What theories and theorists guide your work?

The Religion in American History Blog has a discussion question on their Facebook page about theories that guide scholars work.  Kelly Baker asked, “How do you all approach American Religious History? What methods, theories or theorists guide your work?”

I posted an answer there but I thought I’d copy it here as well. What about you? What are your guiding lights for your work, religious studies or otherwise?

Here are the three strands I try to pull together in my approach to American religious history:

1) Emile  Durkheim: Those who know where I am and who I’m working with ought not be surprised here. The category of “the sacred,” for me, offers a chance to look at a whole host of things previously left unconsidered in American religious history. Burning Man, sports, and all the other usual examples are just the start. Recent work on Oprah points the way to more and more places we can reconsider “American Sacred History.”

2) Thomas A.Tweed’s Crossing and Dwelling:  I really like Tweed’s focus on positionality and his focus on the movement and motion of religions. I think it adds a dynamism to our study that has been lost in an under-theorized notion of culture and snapshot approach to religions.

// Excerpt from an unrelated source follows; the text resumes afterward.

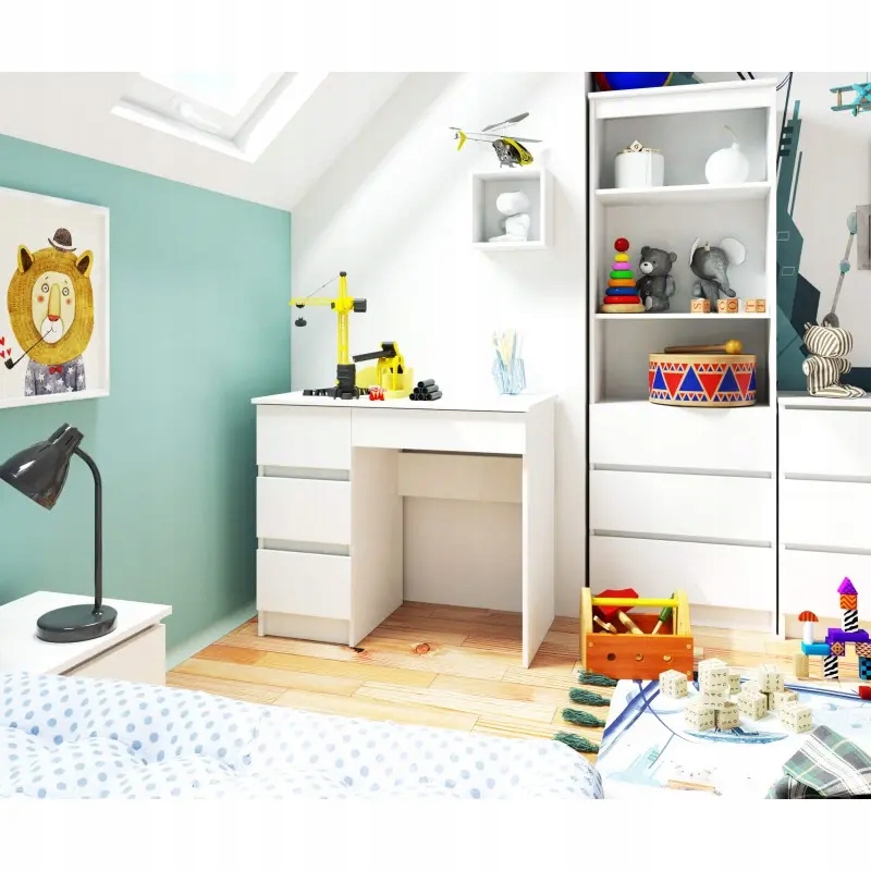 Білий дитячий стіл 90 см з 4 місткими ящиками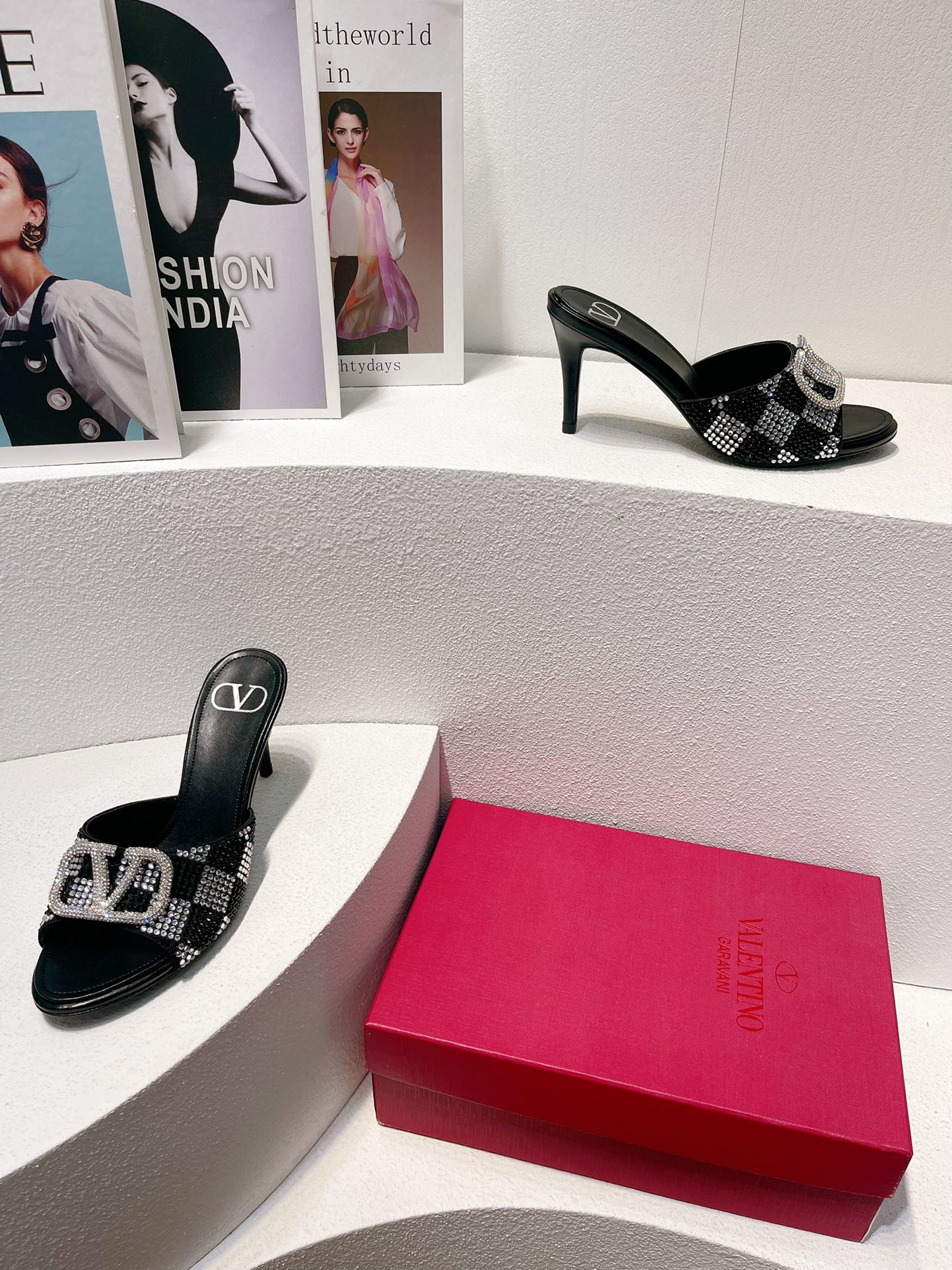 VT High Heeled Sandals Black Sheepskin 292831

3) Foucault, Said, and post-colonial theory generally:
In thinking about religions in American history I’m always wanting to find ways to rigorously account for power. In my current diss. research on representations of Hinduism in America I’m realizing more and more the ways “religion” as a category functioned in the deployment, maintenance and organization of power. I think religious historians are often wary of reducing religions down to “just power” without thinking about the ways religions function to channel power, resist power, and basically move it around and (dis?)organize it.

So, that’s my triparte answer. Wow, Kelly, really good question. I’ve never thought it through like this. Helpful.